Scientists found something useful hiding inside the tumors. Not just cells, but bacteria. And now we know one of them produces a compound that starves cancer.
It works on prostate cancer models. Really well, actually. Especially when mixed with radiation.
The trick? Cutting off the energy supply.
“The mitochondria are very important for a cellsurvive; they are the energy factories,” says Tohru Yamada.
Cancer cells are greedy. They need massive amounts of fuel to grow fast. That makes their mitochondria a perfect weak spot. A target.
The p53 Problem
For years we knew tumors were full of microbes. The tumor microenvironment isn’t just empty space; it’s crowded with bacteria. Researchers recently started wondering if we could borrow something from these hitchhikers.
Yamada’s team already found one. A protein called cupredoxin. It suppresses tumor growth by moving electrons around.
They even put it in clinical trials. For adults with various cancers and kids with brain cancer.
But here is the catch. The old drug only worked if the p53 gene was functional.
Bad luck.
p53 gets mutated a lot in cancer patients. Mutations vary from person to person. So the treatment helped some and ignored others. Ineffective half the time? No one likes that.

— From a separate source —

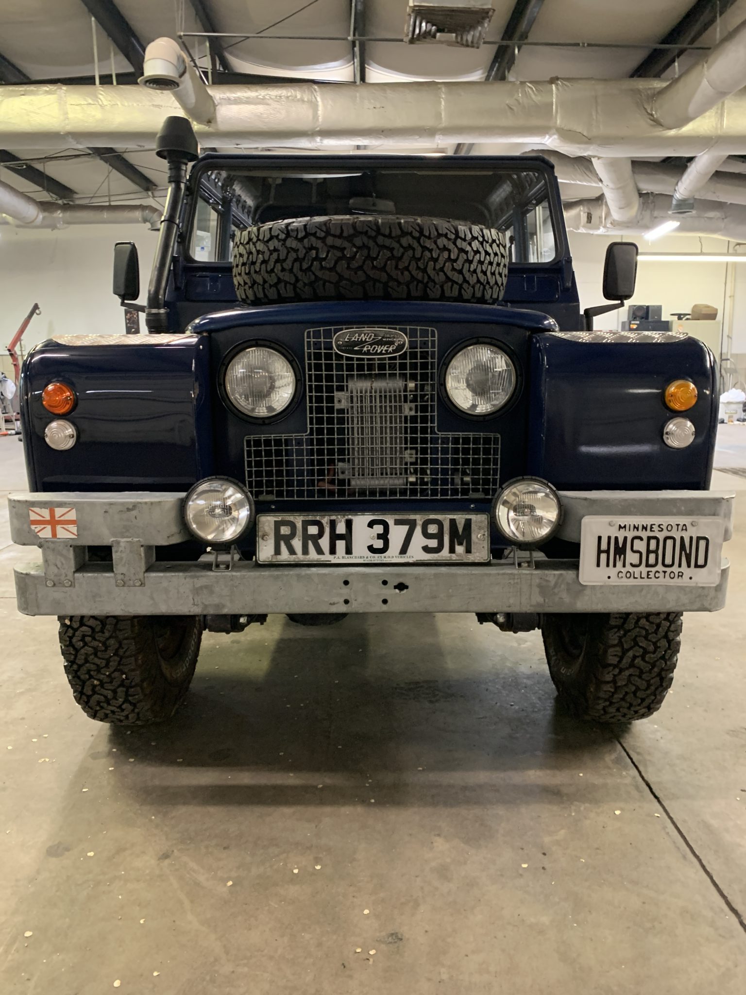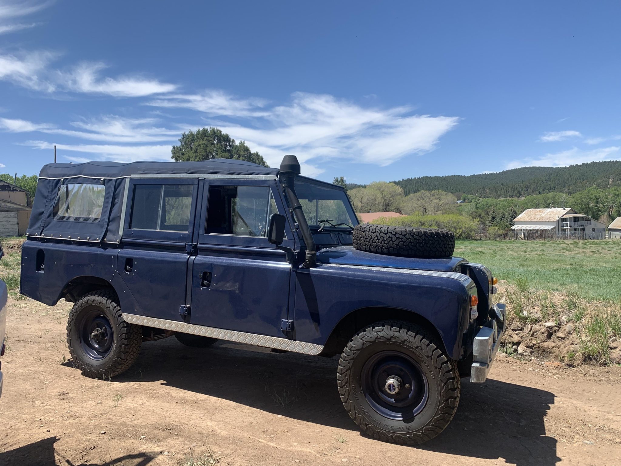 Blue 15″ steel wheels are mounted over Superwinch manually-locking hubs up front and wear BFGoodrich All-Terrain T/A KO2 tires at all four corners. A matching spare is affixed to the hood.

“We wanted to have an anti cancer agent that doesn’t use p53 function,” Yamada noted.
So they looked elsewhere.
Hunting for a New Protein
The search was specific. They needed a bacterial protein that targets mitochondria directly. Skip p53 entirely.
They looked at breast cancer samples. Sequenced the DNA inside. Found bacteria living there.
One species stood out. It contained auracyanin. Another cupredoxin protein doing similar heavy lifting to the old one but through a different door.
They stripped down auracyanin to its essentials. Created a small fragment called aurB.
Here is how aurB operates.
- It slips into the mitochondria of tumor cells
- It attaches to ATP synthase
- It jams the machine
ATP is the fuel cells use to do anything. AurB turns off the engine. No ATP. No growth. Dead end for the tumor.
Prostate Cancer Gets Sliced
Did it work in mice?
Yes. And not just in any mice.
The team used models lacking active p53. These were tough cases. The kind that usually shrug off other treatments.
They added radiation therapy. The standard for prostate cancer.
The combination hit hard.
Tumor growth stalled. Significant reduction. No major toxicity signs.
“The combination significantly enhanced the activity,” Yamada said.
They tested it on tibial bone metastasis too. The tumors shrank. Preclinically promising doesn’t really capture it. It was striking.
Why does radiation make it better?
Maybe the stress of radiation weakens the cells further, making the energy blockade even more effective. Or maybe it’s just synergy.
Patenting the Path
UIC has the patent. Office of Technology Management handled it.
Next step? Human trials.
Yamada isn’t stopping here though.
Auracyanin might be the first. There are thousands of other bacterial proteins in those tumors. Untested. Unmapped.
“We simply haven’t tried them yet,” he said.
Countless opportunities sitting in the trash bin of the tumor microenvironment. Waiting for someone to dig.
Collaborators from UI Health helped. Surgeons like Martin Borhani, Aslam Ejaza, Ajay Rana Enrico Benedetti, and Tapas K Das Gupta brought the surgical expertise. Engineering minds from the College of Engineering joined in. Dr. Samer Naffouje and others from Medicine too.
A mixed crew.
Maybe that is what we need. Bacteria, doctors, engineers all working together because the old way was running out of steam.
Or maybe this is just another lead that dies in the clinic.
Time will tell. But the tumors gave up a secret.